I suffer from a disability that is entirely in my mind. While I have suffered from this disability my whole life, I first became aware of it when I was in the fifth grade and was assigned my first “essay” paper. Although I had two full weeks to work on the paper before it was due, my brain simply refused to even ponder on the paper until two days before it was due. At first I was frightened, and even more frustrated, but I soon found out that I was not alone.
My disability is commonly known as procrastination. Procrastination is a self-inflicted disability in which one does not lack the skills or talent to complete tasks, but lacks the motivation to complete tasks before a required date.
Those who do not personally suffer from this disability often associate the term with words such as lazy or worthless, or they say that they, procrastinators, just merely do not care. Oh how these critics are awfully wrong. As someone who suffers from procrastination, I find it very insulting when someone assigns a word such as lazy to me not knowing I have a disability.

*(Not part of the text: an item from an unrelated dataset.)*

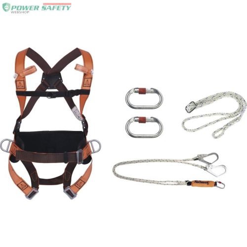 POSITIONNING & SCAFFOLDING - Készenléti zuhanásgátló szett : Zuhanásgátló testhevederzet 2 bekötési ponttal (hátsó - mellső). 2 szabályozó csat. 2 szabályozó oldalsó elem. Deréktámasztó öv (Ref. HAR14). Redukálóval állítható munkahelyzet-megtartó kötél. Hossz 1,1 métertől 2 méterig. Sodort kötél O 12 mm (Ref. EX021). Energiaelnyelő zuhanásgátló dupla sodort kötélből (Y) O 12mm. Hossz 2 m. 1 karabiner AM002, 2 kampó AM022 (Ref. AN211200CDD). 2 csatlakozó AM002.
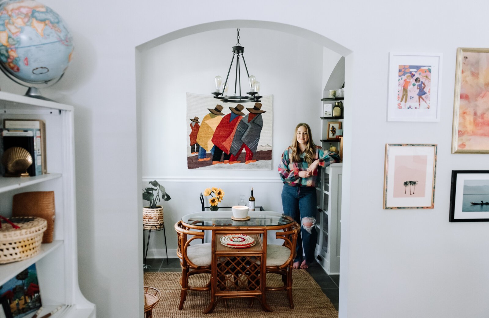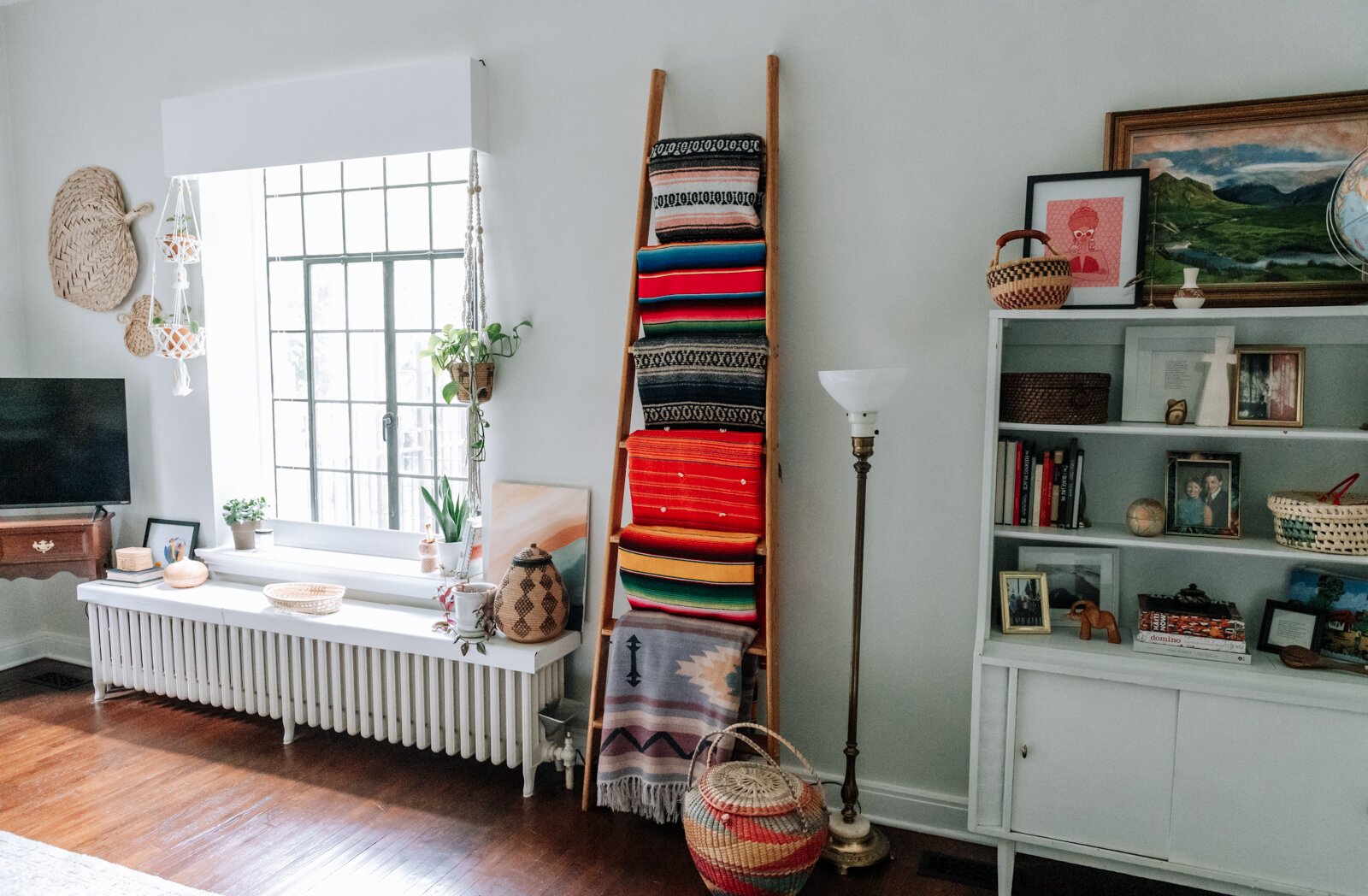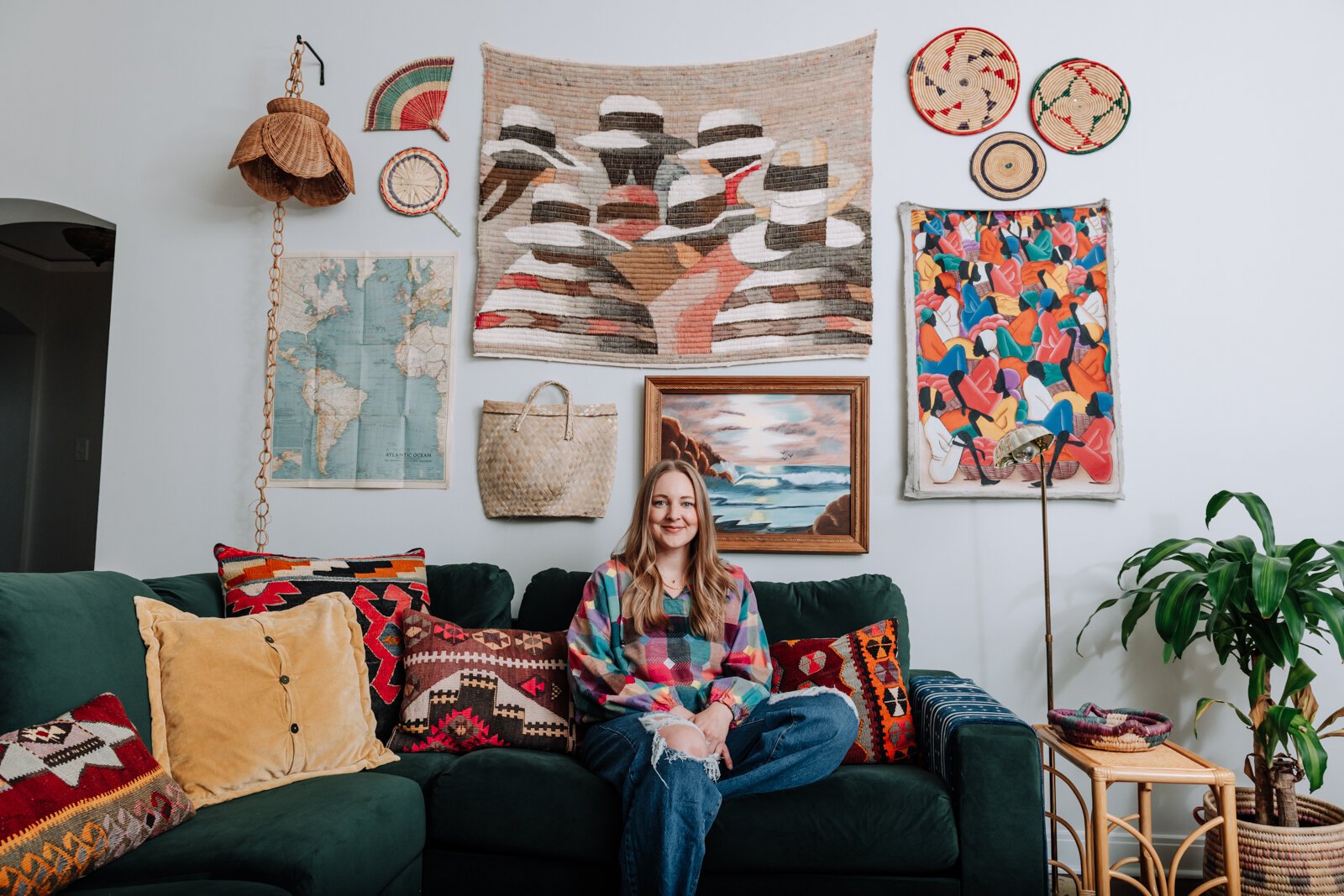 When Jamie Curtis moved back to Fort Wayne in 2019, she knew she wanted to live near Downtown; she just didn’t know where. When a former cigar-factory-turned-apartment opened up on the Riverfront along Edgewater Avenue, she couldn’t resist jumping on it. Today, her historic home is inspired by her travels from Haiti to Mexico, Nicaragua, and the Dominican Republic, giving the space an eclectic, vintage, and bohemian vibe.

Just because my disability is not visibly evident, does not mean it does not exist.
Although scientists and doctors may disagree, I am convinced that somewhere in my genetic makeup there is a glitch in the “get it done” department. This glitch is completely and entirely in my mind. My brain loves to work under pressure, thus almost everything I do is done last minute. My brain basically refuses to let me complete something early, because what fun is it to complete something early and be totally relaxed and stress free?
I do not only believe procrastination is due to a faulty gene, I also believe it is hereditary. Yes, just like getting blue eyes, a big nose, a high pitched voice, or an uneven body shape, I believe procrastination is passed down from some ancestor who either wanted to torture us, or procrastination was the only acceptable.